Unshrinking: How to Face Fatphobia
- Author: Kate Manne
- Publisher: Crown
- Publication date: January 9, 2024
- Pages: 320
- ISBN: 978-0593593837
- Preceded by: Entitled: How Male Privilege Hurts Women

= Unshrinking =

2024 book by Kate Manne

Unshrinking: How to Face Fatphobia is a 2024 book by philosopher Kate Manne. It was designated a finalist for the 2024 National Book Award for Nonfiction.

== Contents ==
The book combines scientific, medical, and sociological research on the phenomenon of fatphobia within society with Manne's own experiences tackling both fatphobia and misogyny during her childhood and adulthood, as well as during her rise to fame as a philosopher which heightened her fear of public perception. Additionally, it criticizes the position of fatphobia from numerous angles ranging from scientific consensus to philosophical arguments. While Manne has thought about and contended with such discrimination for most of her life, Manne stated that becoming a mother ultimately motivated her to quit dieting practices, confront eating disorders, and write her book.

Discussing the book on NPR, Manne said that she uses the word "fat" as a means of reclamation in order to shift the word's definition to mere description rather than an insult or pejorative: "I see the word 'fat' as describing one way of having a body that is part of natural, normal, and in fact, valuable human variation.

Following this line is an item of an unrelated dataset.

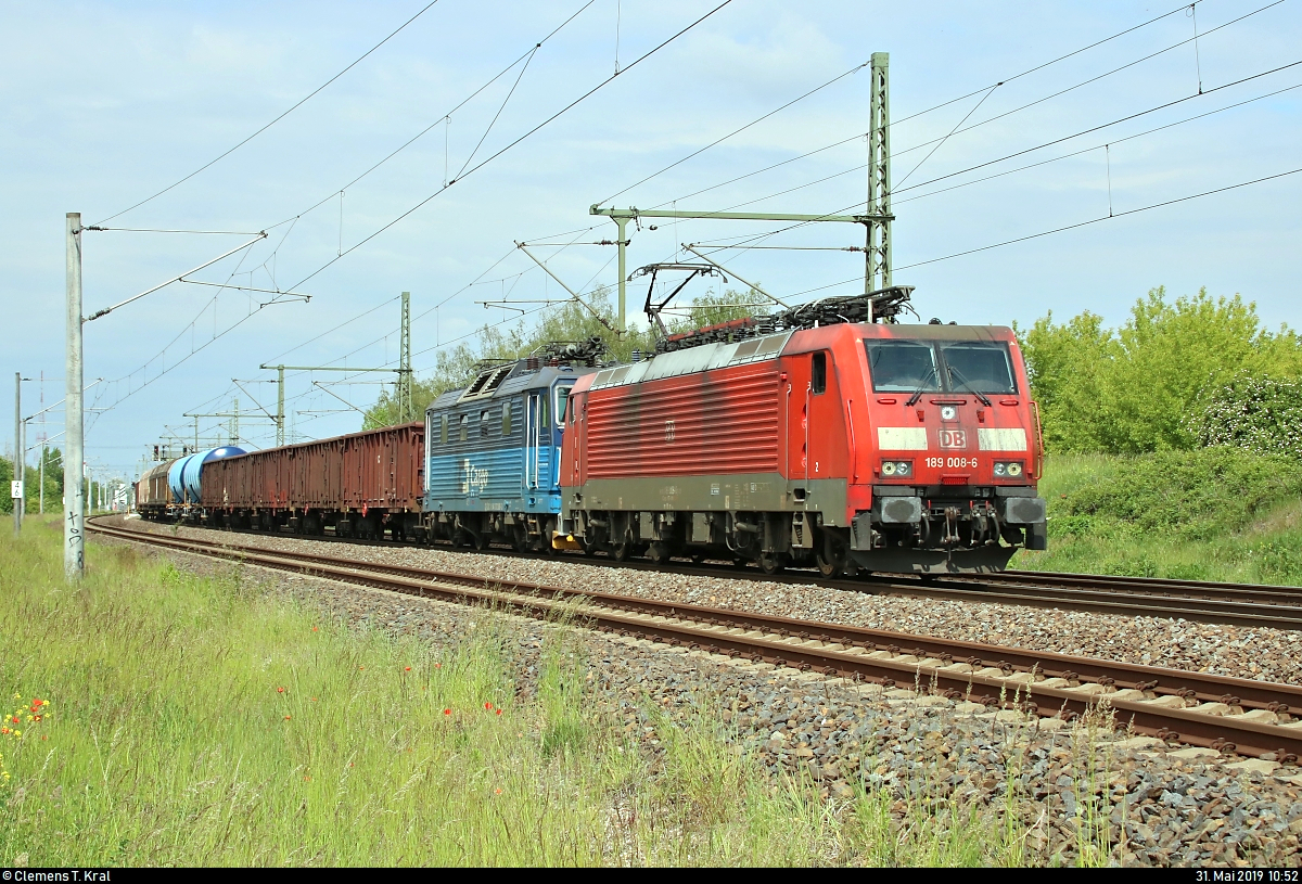 Gemischter Gz mit 189 008-6 DB und 372 008-3 der ČD Cargo, a.s. (kalt) fährt in Halle-Kanena/Bruckdorf auf der Bahnstrecke Magdeburg–Leipzig (KBS 340) Richtung Leipzig.

And so I use it much like terms like 'short' and 'tall' and, for that matter, 'thin,' as a merely neutral description."

== Critical reception ==
Publishers Weekly called the book a passionate critique of fatphobia but felt that it was overextended, that Manne "understates the structural social justices", and that her argument "fails to convince." Kirkus Reviews called it a "brave, thought-provoking book" and stated that "With rigorous research and personal experience, Manne tackles and dismantles fatphobia in all its forms." In a starred review, Booklist called Manne's argument "unapologetic" and a "brilliant takedown of fatphobia" that served as an essential addition to the growing literature "on the experiences of fat people and fighting fatphobia."

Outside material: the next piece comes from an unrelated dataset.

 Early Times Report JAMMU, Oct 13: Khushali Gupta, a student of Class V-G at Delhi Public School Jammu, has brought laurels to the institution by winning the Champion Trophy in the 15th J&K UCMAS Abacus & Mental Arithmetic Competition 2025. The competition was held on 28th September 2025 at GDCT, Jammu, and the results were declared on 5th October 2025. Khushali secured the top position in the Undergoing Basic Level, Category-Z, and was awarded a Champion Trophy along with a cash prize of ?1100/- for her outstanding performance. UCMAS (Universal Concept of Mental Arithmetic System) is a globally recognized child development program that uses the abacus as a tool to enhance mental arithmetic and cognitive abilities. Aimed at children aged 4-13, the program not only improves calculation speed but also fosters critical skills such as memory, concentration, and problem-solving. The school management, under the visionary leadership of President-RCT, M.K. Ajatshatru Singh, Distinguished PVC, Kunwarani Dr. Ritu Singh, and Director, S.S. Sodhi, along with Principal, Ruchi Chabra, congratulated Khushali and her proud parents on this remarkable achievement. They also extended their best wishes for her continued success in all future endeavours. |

Regan Penaluna, writing for the Chicago Review of Books, was compelled by Manne's deconstruction of fatphobia in its lack of rational, empirical basis while simultaneously deploying her own well-researched argument against it. Penaluna stated: "Manne dares us to reject racism, sexism, and capitalist greed as forces that shape our bodies and minds, and instead aspire to a world shaped by justice and kindness, one that fits all bodies. It's a profound challenge that is worth our time, as Manne makes clear in this superb book full of insight and hope."

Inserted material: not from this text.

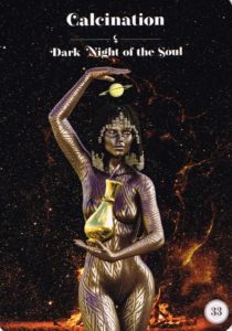 Calcination is the first step in the practice of alchemy, associated with the lead planet Saturn, where you start and work your way inward toward the gold of the sun. It invokes the Fire element linked with the divine masculine zodiac sign of Aries; it is the practice of burning and adding heat to material or a solution to strip it down to its original state. A difficult life event, challenge, or roadblock can trigger you to begin this sacred process of soul ascension. While this is the beginning of your alchemical journey, it’s an extremely necessary first step to progress to higher states of consciousness.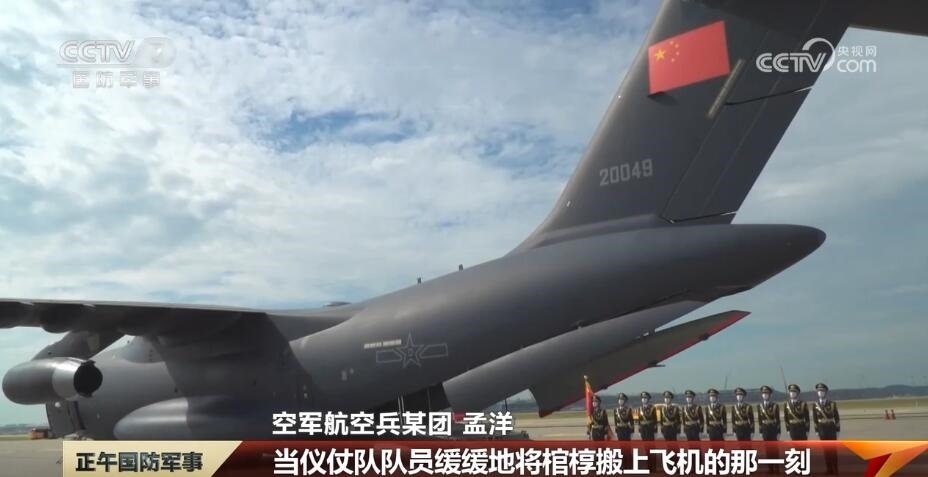 2022年9月,孟洋和機(jī)組成員駕駛運(yùn)-20抵達(dá)韓國(guó)仁川機(jī)場(chǎng),執(zhí)行接迎第九批在韓志愿軍烈士遺骸任務(wù)。

Emmaline Clein, in a review for the Los Angeles Review of Books, lauded Manne's more philosophical aspects to her argument but named some criticisms with regard to her "individualist bent" to some parts of her book. Clein argued that Manne sometimes blamed possible victims of diet culture and didn't provide compassion to her bullies "who ... were probably hurting too, acting out of the terror and shame instilled in girls as soon as they become self-aware in this country."